**What you will do**
Set down each line of the material that follows exactly, and leave its pictures out.
**** Input data ****
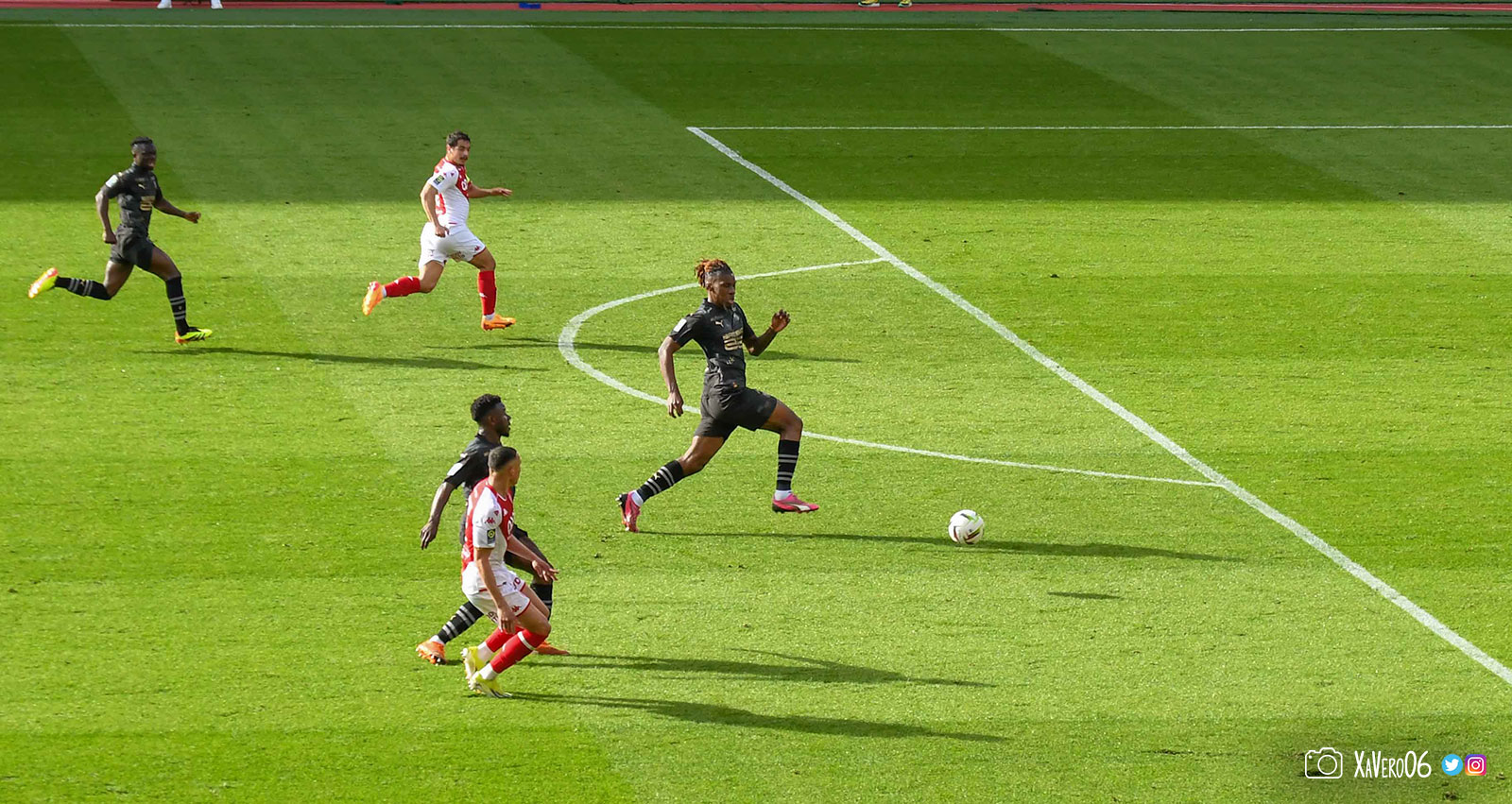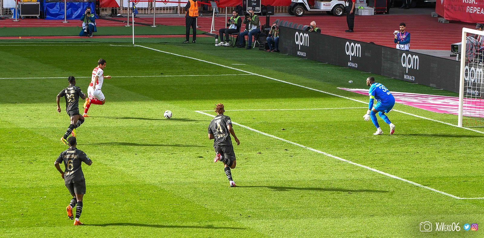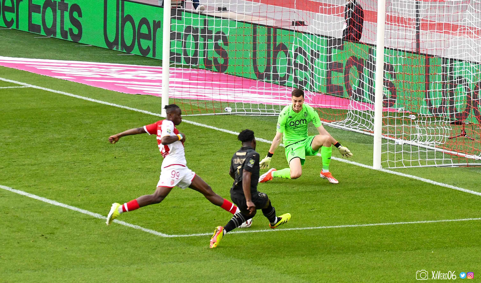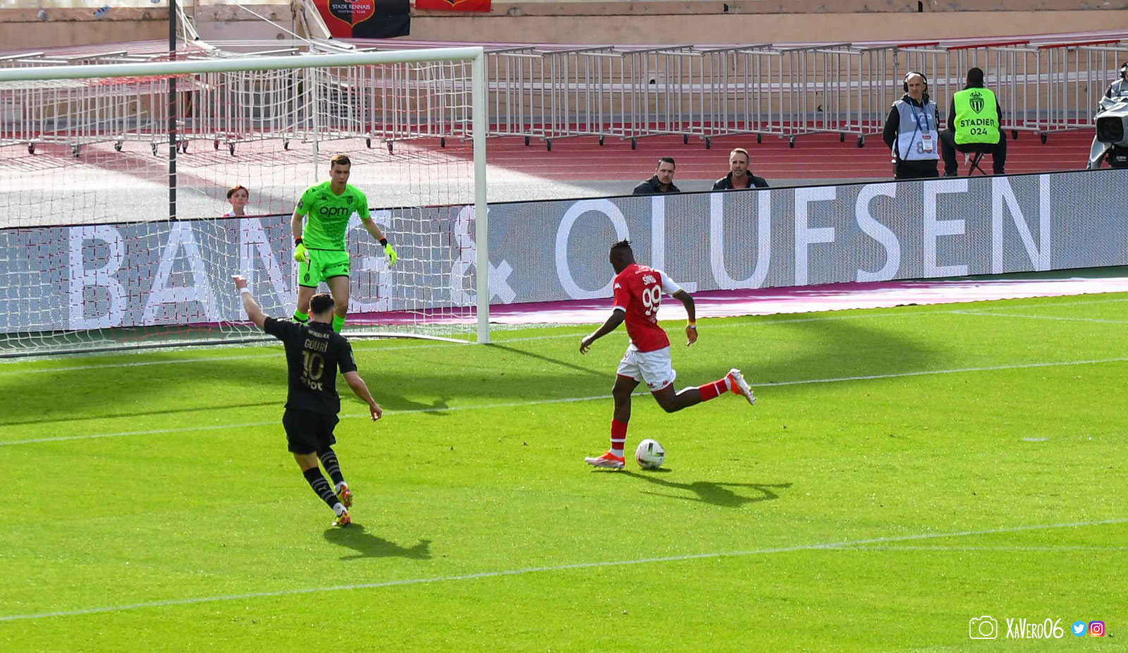Action de Gouiri qui rentre dans la surface, poursuivi par Kehrer. Il résiste au monégasque, fait est face à Singo qui l'enferme dans l'angle, quasiment sur Majecki dans les 6m. Il frappe à côté du bout du pied (44e).
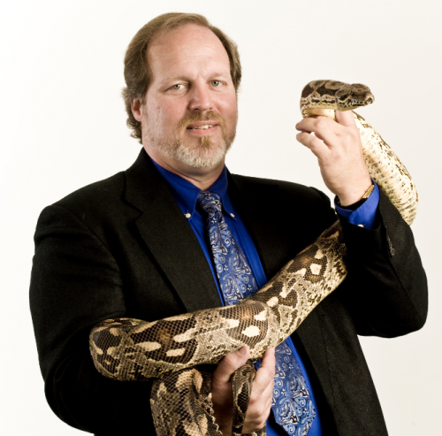 Training Burmese pythons is all in a day’s work for Associate Professor of Biological Sciences Michael Grace. He earned a three-year, $369,000 grant from the National Science Foundation (NSF) for his work on the mechanisms of infrared imaging in pit vipers, pythons and boas. The novel research joins biology and psychology students in a project with a behavioral psychology component.
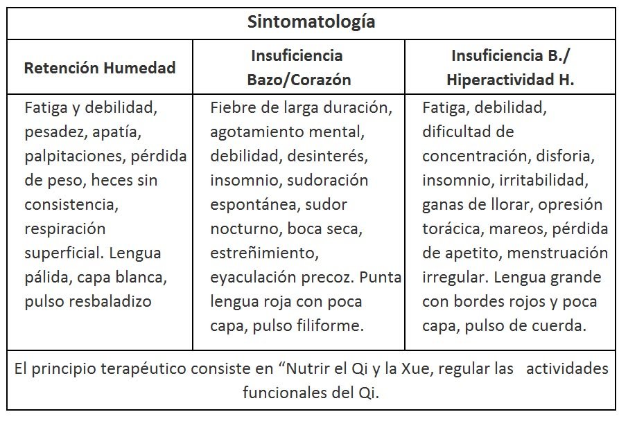 ⃞ Retención de Humedad causada por una insuficiencia de Qi
****
**Solution below**
Action de Gouiri qui rentre dans la surface, poursuivi par Kehrer. Il résiste au monégasque, fait est face à Singo qui l'enferme dans l'angle, quasiment sur Majecki dans les 6m. Il frappe à côté du bout du pied (44e).
 Training Burmese pythons is all in a day’s work for Associate Professor of Biological Sciences Michael Grace. He earned a three-year, $369,000 grant from the National Science Foundation (NSF) for his work on the mechanisms of infrared imaging in pit vipers, pythons and boas. The novel research joins biology and psychology students in a project with a behavioral psychology component.
 ⃞ Retención de Humedad causada por una insuficiencia de Qi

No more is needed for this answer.